There is a certain kind of calm that comes with rainy days. It settles over me like a blanket, bringing me peace and pensiveness.
I have not been posting lately, because the past week has been really challenging for me. Lately, I have been feeling very vulnerable in various dimensions. In new relationships and friendships, I can feel myself opening up. And in this blog too – I am sharing my voice with the world. And honestly, it is scary. It comes with so much self doubt; I think to myself – ‘why should anyone care what I have to say’?
The past few days, I have been feeling incredibly weak. It is only this morning, as I feel a calmness settle over me, that I am able to shift this perspective. Although vulnerability is uncomfortable, it is also freeing. It symbolizes that I am taking a risk, and putting myself out there.
I am allowing myself to feel all emotions. By opening up, I am accepting the good with the bad. There will be dissapointment, and pain. However, there will also be joy, and excitement. This vulnerability is what allows human connection.
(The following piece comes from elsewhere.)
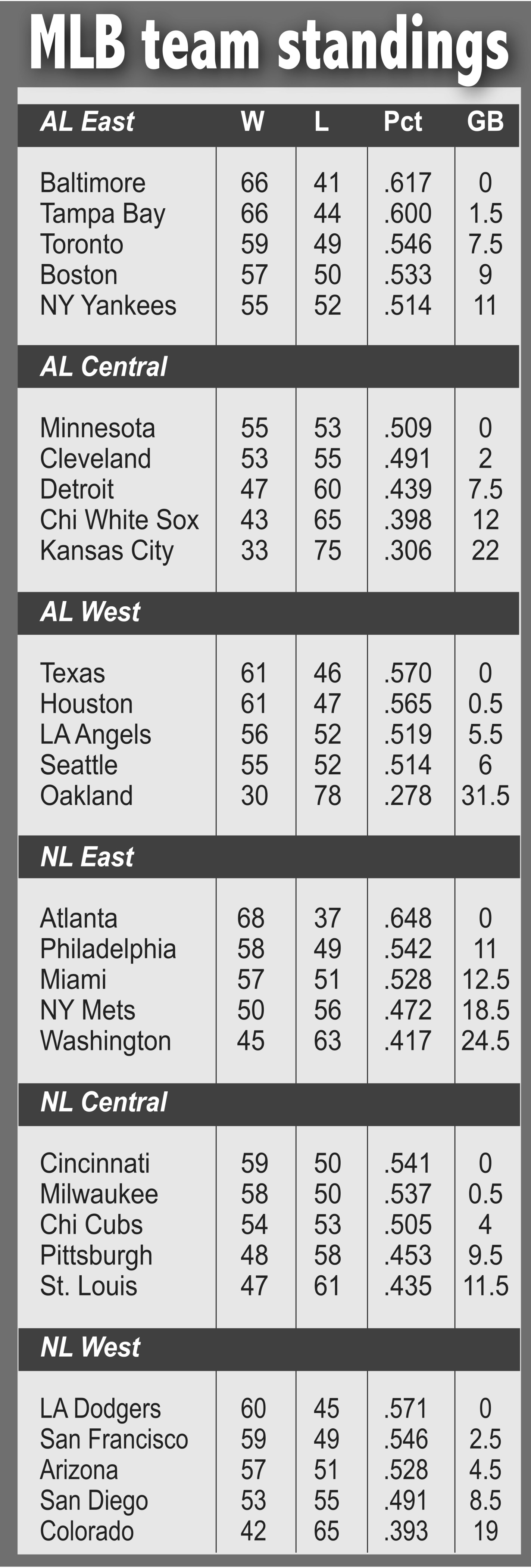 Angels starter Patrick Sandoval (6-8) pitched five innings and allowed two runs on three hits, with four walks and three strikeouts. Atlanta scored a run in the first inning. Ozzie Albies singled and came around to score on Matt Olson’s sacrifice fly, his league-leading 90th RBI of the season.

Seeking control and perfection, especially in relationships, keeps walls up and disallows for an intimate connection with others.
The thesaurus states synonyms for vulnerable: “defenseless”, “unsafe”, “exposed”, “weak”. From my current perspective, it is not a sign of weakness, but a sign of strength. To be vulnerable is to allow yourself to be susceptible to all that life has to offer. By letting my guard down, I will be able to show resilience in the face of adversity, and gratitude in the face of good fortune.